During World War II most of the professional sports teams lost their best athletes to the Armed Forces. Most of the “stars” were draft age. One professional baseball player to serve in World War II was John (Buddy) Kelly Lewis who played his entire career as the Washington Senator’s two-time All-Star 3rd baseman. He was an Army Air Force Pilot who flew 500 transport missions over “The Hump”, which was the dangerous “air train” over the Himalayas that supplied the British and American armies fighting in Burma and in Thailand and the Chinese Army fighting the Japanese in China. For this Lewis was awarded the Distinguished Flying Cross. After the war he returned to the Washington Senators ending his career in 1949.

Starting in 1940 the American economy boomed. Unemployment was as low as it was in the 1920s and salaries sky-rocketed. Many consumer items were rationed, but a growing number of Americans now had enough money to beat the rationing system by buying on the Black Market.

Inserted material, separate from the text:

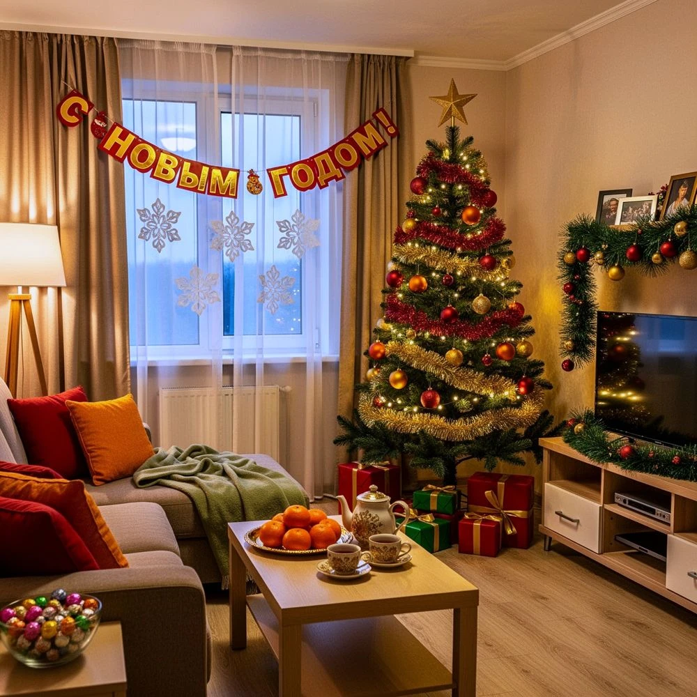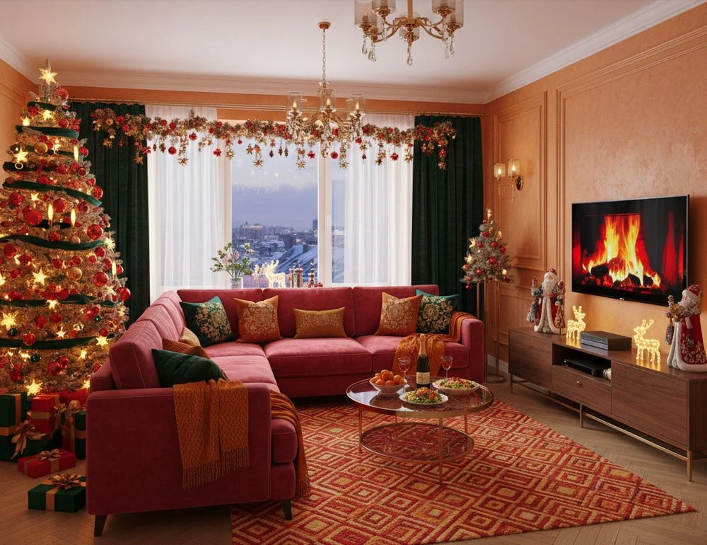 Ёлка в год Красной Огненной Лошади может стать главным акцентом интерьера, если поддержать огненную палитру и добавить немного динамики в декор. Рекомендуются красные и золотые украшения, дополненные зелёными и кремовыми деталями для баланса.

My grandfather and Ginny’s grandfathers were employed throughout the war. Few consumer products, especially durable goods and houses, were available. Production shifted from new cars and refrigerators to tanks, jeeps, and airplanes. The economic result was consumer savings had never been so high. War time savings became the fuel that resulted in the rapid American economic growth after the war.

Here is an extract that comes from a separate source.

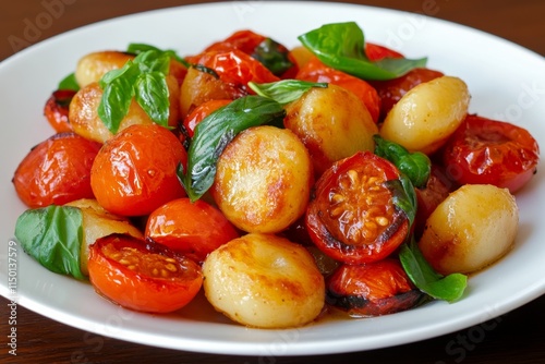 A vibrant plate of ricotta gnocchi tossed with roasted cherry tomatoes and fresh basil, served on a white plate

The modern ball point pen was invented in the late 1930s, but was not a success until 1944 when the British Royal Air Force discovered that unlike most fountain pens a ball point pen functioned at high altitudes. By the following year ball point pens entered the American consumer market, but they were expensive costing $10. Calculating for inflation that comes out to $134 in current dollars. I do not believe they were sold in packages of ten.

For the popular U.S. culture, the 1940s was the decade of the superhero. Superman got the trend going in 1938, making his first appearance in “Action Comics.” By the 1940s, the man of steel was at the top of his game, single-handedly fighting Hitler and Hirohito in one memorable cover from 1942. Batman appeared in late 1939, but he, too, was really a child of the 1940s. When Green Lantern arrived in July 1940, the archetype of the superhero was firmly entrenched in the nation’s mythology.

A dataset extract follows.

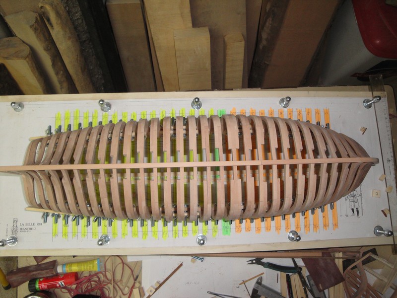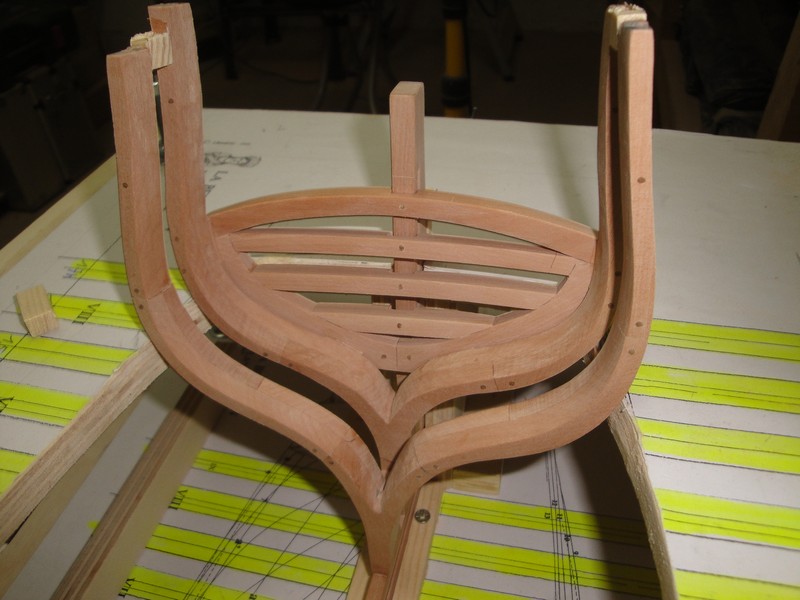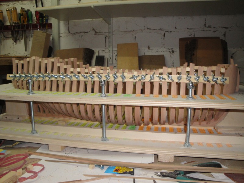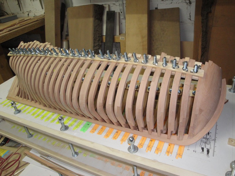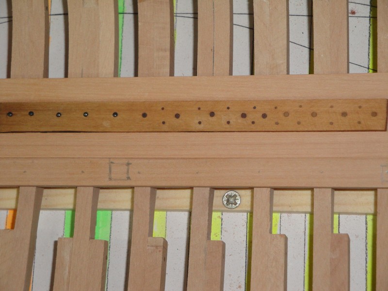 Dieki za uwagi i komentarze. Zabralem sie za wsporniki pod pokladniki (deski 9x3mm) oraz poszycie wewnetrzne (9x1,5mm). Stan surowy (slady kleju, nierownosci desek) bo wszystko po kolkowaniu bedzie i tak szlifowane. Pozycja otworow pod kolki zaznaczona olowkiem, jeszcze nie wywiercone.

In the 1940s, renowned Broadway composer Richard Rodgers teamed up with a new lyricist named Oscar Hammerstein to create “Oklahoma!” “Carousel,” and “South Pacific.” Irving Berlin contributed “Annie Get Your Gun,” with Ethel Merman in the title role. Tennessee Williams’ dramas of the decade included “The Glass Menagerie” in 1945 and “A Streetcar Named Desire” in 1947, for which Williams won a Pulitzer. Directed by Elia Kazan, “Streetcar” is best remembered for the performance of a 24-year-old actor named Marlon Brando in the role of Stanley Kowalski.
All over America young men left for war. Railroad trains were packed with soldiers traveling from one post to another and then to a port-of-call. There were so many traveling across the country that special canteens sprung up at rail terminals or rural stations like North Platte, Nebraska where trains stopped for coal and water. Staffed by local women and supported with local donations, they served up homemade cookies, sandwiches, hot coffee and shared conversations with young men who were often on their own for the first time and all who did not where they were going or what to expect when they arrived.

One such young man was Henry M. Hills. He was born in Lamoni, Iowa, on 14 March 1913. His father was a physician and Henry wanted to be a doctor too. In 1938 he graduated from the University of Iowa Medical School with a specialty in trauma surgery. In August 1942 he had completed a trauma and orthopedic surgery residency at Massachusetts General Hospital, Boston. He was 29 years old.

At the beginning of the summer of 1942 the United States Navy defeated a Japanese Fleet in the Pacific Ocean at the Battle of Midway. The United States Eighth Air Force began bombing missions over Germany. The German Army captured Sebastopol. The United States Marines landed on the Solomon Islands. The Army decided it was time to call Dr. Hills. The newly minted Captain Henry Hills, MD, MC, did not know he would play an important role in the Ardennes Counteroffensive.